Windows 10 mette a rischio la vostra privacy? Pare tramontato il tempo in cui la Microsoft era un porto sicuro per chi cercava di sfuggire all'invadenza di Apple e Google. Così va il mondo digitale nel 2015.




Windows 10 è stato rilasciato da poche settimane e, come sempre, la distribuzione di un nuovo sistema operativo è un momento di svolta per l'utenza PC, che dà inizio ad un periodo di scoperte delle funzionalità offerte dallo stesso. Da un certo punto di vista questa ricerca costituisce il momento più gioioso per l'utente, che torna bambino dinanzi il suo nuovo, performante giocattolo. D'altro canto, però, non sempre le scoperte sono gradite.
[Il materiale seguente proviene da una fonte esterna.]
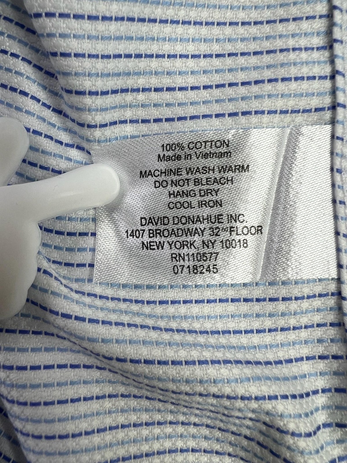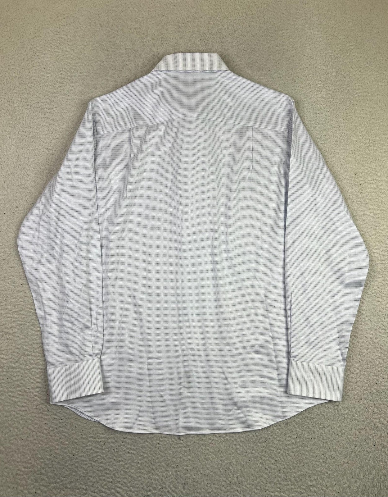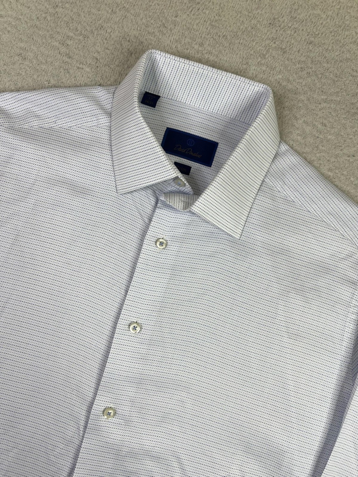 как выглядит David Donahue Dress Shirt Mens 17 34/35 White Check Trim Fit Long Sleeve Cotton фото

Le rivelazioni scaturite da uno studio condotto dalla Art Technica, appartengono purtroppo a questa schiera. I risultati del test dimostrano infatti che Windows 10 conduce un fitto dialogo con i server Microsoft, ben oltre quanto saremmo portati a credere e ritenere opportuno. Si tratta peraltro di una comunicazione bidirezionale, che vede il nostro PC non solo come mittente, ma anche destinatario di dati da parte dei server del colosso di Redmond. La Microsoft, interpellata per far luce sulla questione, si è affrettata a chiarire che Windows 10 non trasmette dati personali ma solo log anonimi, nel rispetto della privacy settata dall'utente.

Alla luce di quanto sopra appare comunque evidente che è venuto meno l'ultimo rifugio per l'utenza più paranoica e gelosa della propria privacy. Chiunque avesse scelto Microsoft come ribellione verso l'invadenza di Apple e Google ha avuto un amaro risveglio. Bisogna però prendere atto del fatto che, nel 2015, l'universo digitale ha intrapreso questa direzione, stabilendo una simbiosi molto forte, per quanto discutibile, tra utenza e fornitore di servizi. I colossi mettono a disposizione software ed app gratuite, irrazionale credere che possano farlo senza chiedere nulla in cambio. Più tollerabile pensare che lo scambio di dati in tempo reale garantisca il miglior funzionamento del sistema, alleggerendo il peso delle operazioni effettuate dai nostri PC e consentendo di ottimizzare le nostre esperienze di navigazione sulla base delle preferenze pregresse.

All'utente ormai non resta che adeguarsi, se vuole continuare a far parte dell'universo digitale. Una decisione forzata che non lascia comunque tranquilli, sapendo che per quanto siano protetti i server che contengono i nostri dati, il numero di attacchi e violazioni che subiscono è in costante crescita.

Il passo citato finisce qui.